**Activity:** Return, word for word, only the lines from the one containing "Coffee mug in" through the last line of the entries.

________________________________________

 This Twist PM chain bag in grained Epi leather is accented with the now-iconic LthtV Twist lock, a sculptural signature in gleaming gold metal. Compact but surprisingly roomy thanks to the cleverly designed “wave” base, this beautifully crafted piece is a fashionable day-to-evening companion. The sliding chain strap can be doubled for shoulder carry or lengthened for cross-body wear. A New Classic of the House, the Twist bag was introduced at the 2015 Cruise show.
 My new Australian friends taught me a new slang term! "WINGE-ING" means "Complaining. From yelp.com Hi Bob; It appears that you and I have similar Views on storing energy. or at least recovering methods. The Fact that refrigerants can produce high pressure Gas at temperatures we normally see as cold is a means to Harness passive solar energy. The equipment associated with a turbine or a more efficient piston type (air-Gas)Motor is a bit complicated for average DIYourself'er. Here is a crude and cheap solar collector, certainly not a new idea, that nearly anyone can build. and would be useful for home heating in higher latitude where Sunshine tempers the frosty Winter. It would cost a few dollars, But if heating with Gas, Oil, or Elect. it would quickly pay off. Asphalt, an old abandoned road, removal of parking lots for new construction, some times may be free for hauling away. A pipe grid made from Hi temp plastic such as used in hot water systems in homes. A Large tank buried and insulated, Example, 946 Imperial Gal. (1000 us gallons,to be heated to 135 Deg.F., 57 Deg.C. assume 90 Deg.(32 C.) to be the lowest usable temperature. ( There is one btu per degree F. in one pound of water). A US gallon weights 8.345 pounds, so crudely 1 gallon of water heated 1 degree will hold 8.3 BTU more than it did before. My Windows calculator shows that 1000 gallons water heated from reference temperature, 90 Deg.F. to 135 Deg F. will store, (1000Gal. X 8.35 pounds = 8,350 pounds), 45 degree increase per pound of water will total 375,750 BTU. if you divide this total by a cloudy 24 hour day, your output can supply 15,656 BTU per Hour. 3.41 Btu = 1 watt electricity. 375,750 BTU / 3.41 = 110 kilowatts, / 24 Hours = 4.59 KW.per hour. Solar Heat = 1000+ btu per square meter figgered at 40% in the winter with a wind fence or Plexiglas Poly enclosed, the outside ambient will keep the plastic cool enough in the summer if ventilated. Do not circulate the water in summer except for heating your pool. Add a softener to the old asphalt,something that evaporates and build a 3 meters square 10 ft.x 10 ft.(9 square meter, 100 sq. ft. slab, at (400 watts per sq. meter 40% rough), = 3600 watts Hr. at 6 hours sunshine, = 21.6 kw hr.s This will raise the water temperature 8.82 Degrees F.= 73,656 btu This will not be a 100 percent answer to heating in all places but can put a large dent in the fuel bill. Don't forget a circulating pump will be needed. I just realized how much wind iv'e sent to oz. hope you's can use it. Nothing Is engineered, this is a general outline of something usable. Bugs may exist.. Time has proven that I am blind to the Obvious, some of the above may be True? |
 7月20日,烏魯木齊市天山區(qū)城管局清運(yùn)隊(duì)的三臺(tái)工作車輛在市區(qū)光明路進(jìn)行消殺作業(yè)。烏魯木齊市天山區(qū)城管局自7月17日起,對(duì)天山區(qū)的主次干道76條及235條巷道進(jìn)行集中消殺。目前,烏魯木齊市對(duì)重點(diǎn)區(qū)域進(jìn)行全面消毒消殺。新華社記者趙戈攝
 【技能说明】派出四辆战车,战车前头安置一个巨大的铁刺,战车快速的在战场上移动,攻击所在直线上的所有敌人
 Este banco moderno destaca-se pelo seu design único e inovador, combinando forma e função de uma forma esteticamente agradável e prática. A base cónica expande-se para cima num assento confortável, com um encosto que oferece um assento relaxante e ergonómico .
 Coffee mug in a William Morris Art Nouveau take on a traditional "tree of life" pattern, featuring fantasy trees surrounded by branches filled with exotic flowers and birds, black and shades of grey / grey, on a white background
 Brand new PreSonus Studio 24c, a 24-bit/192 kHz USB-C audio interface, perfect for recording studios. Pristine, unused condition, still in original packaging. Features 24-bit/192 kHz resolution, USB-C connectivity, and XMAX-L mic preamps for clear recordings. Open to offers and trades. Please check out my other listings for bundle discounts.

________________________________________

**Answer:**
 Coffee mug in a William Morris Art Nouveau take on a traditional "tree of life" pattern, featuring fantasy trees surrounded by branches filled with exotic flowers and birds, black and shades of grey / grey, on a white background
 Brand new PreSonus Studio 24c, a 24-bit/192 kHz USB-C audio interface, perfect for recording studios. Pristine, unused condition, still in original packaging. Features 24-bit/192 kHz resolution, USB-C connectivity, and XMAX-L mic preamps for clear recordings. Open to offers and trades. Please check out my other listings for bundle discounts.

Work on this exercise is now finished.